→ **EXERCISE**:
Omit all images, then repeat exactly the lines below from the one containing "crystal8832 发表于 2015-1-26" through the one containing "- 만약 아래와 같이", both ends included.

→ **RECORDS TO PROCESS**:
-*-

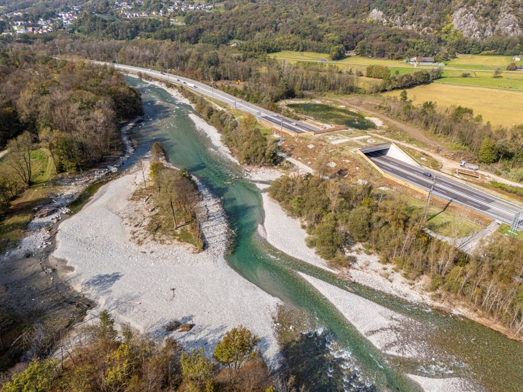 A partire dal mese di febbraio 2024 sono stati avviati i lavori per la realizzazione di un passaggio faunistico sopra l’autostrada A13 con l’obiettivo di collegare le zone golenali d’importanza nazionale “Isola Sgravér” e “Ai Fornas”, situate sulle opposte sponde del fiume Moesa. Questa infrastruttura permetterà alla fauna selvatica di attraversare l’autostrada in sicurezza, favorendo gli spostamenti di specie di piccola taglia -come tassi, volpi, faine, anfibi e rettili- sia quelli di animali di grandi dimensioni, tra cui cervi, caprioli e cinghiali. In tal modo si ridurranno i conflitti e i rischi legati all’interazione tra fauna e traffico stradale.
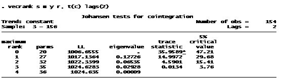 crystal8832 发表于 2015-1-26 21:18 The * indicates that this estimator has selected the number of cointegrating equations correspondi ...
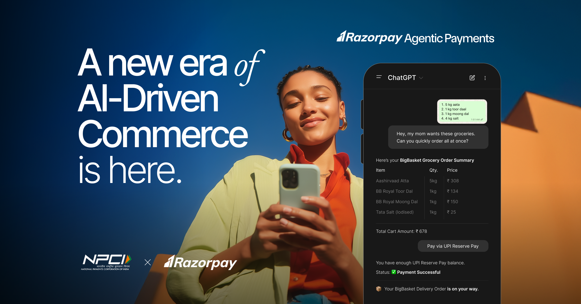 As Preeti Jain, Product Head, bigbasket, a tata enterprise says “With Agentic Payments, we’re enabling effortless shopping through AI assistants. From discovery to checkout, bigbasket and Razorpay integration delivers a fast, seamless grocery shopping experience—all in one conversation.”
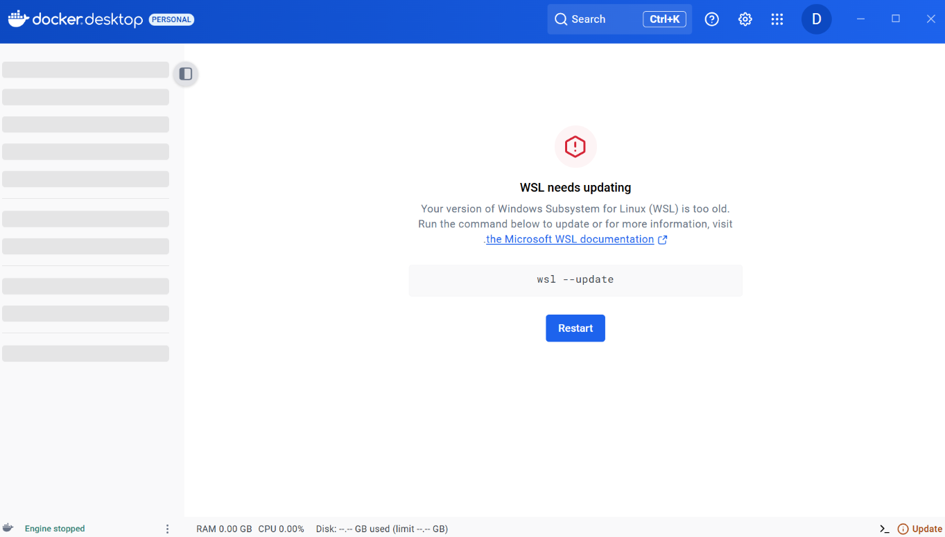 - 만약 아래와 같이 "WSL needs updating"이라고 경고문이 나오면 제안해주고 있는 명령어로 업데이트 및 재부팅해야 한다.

-*-

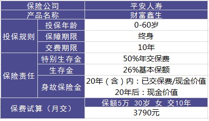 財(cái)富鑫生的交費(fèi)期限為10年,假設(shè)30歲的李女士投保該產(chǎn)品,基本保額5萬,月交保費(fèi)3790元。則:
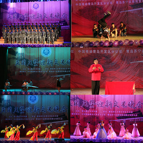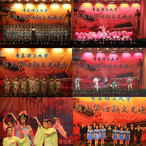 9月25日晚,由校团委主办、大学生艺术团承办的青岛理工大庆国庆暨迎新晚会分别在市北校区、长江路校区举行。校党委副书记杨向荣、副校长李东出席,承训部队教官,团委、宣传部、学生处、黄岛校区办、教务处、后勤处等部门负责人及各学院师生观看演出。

-*-

→ **WRITTEN SOLUTION**:
 crystal8832 发表于 2015-1-26 21:18 The * indicates that this estimator has selected the number of cointegrating equations correspondi ...
 As Preeti Jain, Product Head, bigbasket, a tata enterprise says “With Agentic Payments, we’re enabling effortless shopping through AI assistants. From discovery to checkout, bigbasket and Razorpay integration delivers a fast, seamless grocery shopping experience—all in one conversation.”
 - 만약 아래와 같이 "WSL needs updating"이라고 경고문이 나오면 제안해주고 있는 명령어로 업데이트 및 재부팅해야 한다.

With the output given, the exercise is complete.